Regular readers know that I generally have little use for the “traders” in the precious metals sector, and even less respect for “technical analysis”. Trading in markets such as these is simply pure gambling. All technical analysis is based on a long list of assumptions, all of which must be true, or the technical analysis is invalid.

At the top of that list are “free and open markets” and “perfect information”. Obviously our absurdly rigged markets are the exact opposite of “free and open”. Our propaganda-saturation is the exact opposite of “perfect information”. Thus technical analysis is simply another fraudulent tool to lead the Sheep around by the nose.

That said, there is one trader/technical analyst for whom I have a great deal of respect: Dan Norcini, noted most widely for his superb, long-time contribution to Jim Sinclair’s site, and now with his own blog. What I respect so much about Norcini is that he is not a slave to T/A. Rather, he explains what the technical indicators are saying at the moment (for whatever that’s worth) and then generally lays out both a bullish and bearish scenario.

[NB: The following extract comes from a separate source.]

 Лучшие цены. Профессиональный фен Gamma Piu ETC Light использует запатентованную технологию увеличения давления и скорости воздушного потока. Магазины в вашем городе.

In other words, rather than simply trying to “handicap” the market for gamblers (which is what 99% of the T/A jockeys do); Norcini explains the price-action to readers. Equally important, Norcini studies and understands the fundamentals of the market – and ultimately places emphasis on fundamentals over price-action (as all commentators should).

Thus I was very interested to listen to Norcini’s comments in an interview on Friday. Along with general statements that Norcini saw the current set-up in the bullion market to be very supportive (potentially) for a strong rally, he specifically noted two things: hedge-fund operators currently had (collectively) their smallest “long” positions in the gold market since December 2008 (the very bottom of the bullion market), and their largest “short” positions in the silver market in the 5+ years that Norcini has been keeping track of their trading.

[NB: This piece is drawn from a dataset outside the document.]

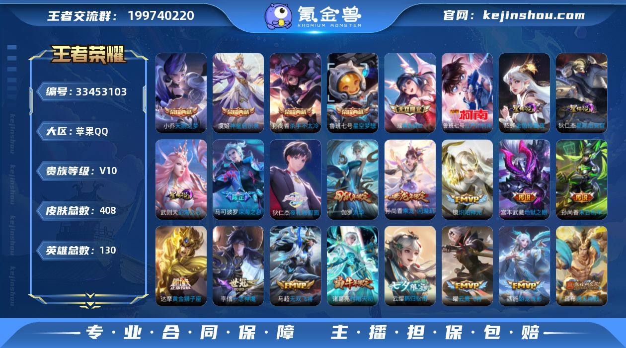 ky V10 可认证 苹果(q)区 (连体和平)金标鲁班七号 金标李元芳 408皮 5典藏 1无双 1珍品传说 55传说 104限定 13王者印记 3星 亮点推荐:【神鉴启示录 真我赫兹(瑶) 江户川柯南 启明星使 乘龙·问璇玑】道具内容:17按键 9亲密玫瑰 6浓情玫瑰
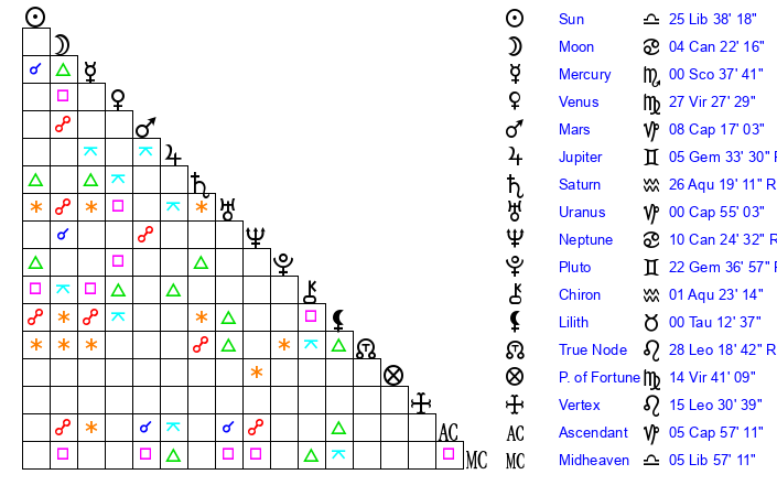 | Venus | 27 Virgo 28 | 7 Libra 14 | 27 Aquarius 42 |

The silver short position in particular is of great significance because the silver market is both much smaller than the gold market and even more depressed at the moment. Those two factors in combination with this gigantic short position mean that we can think of the silver market as an extremely tightly-coiled spring. When the silver market blows through the current trading-range (and blows the shorts out the water) we could very likely see the biggest/strongest rally in the silver market in this entire bull-market to date.

Note what I have stressed in other writing recently: this should not be seen as the “green light” to go and do some gambling of our own in the silver market. Over the short term, prices can always go lower before they go higher – it just means the subsequent bounce will be even bigger/stronger.

Never use margin/leverage in your investing.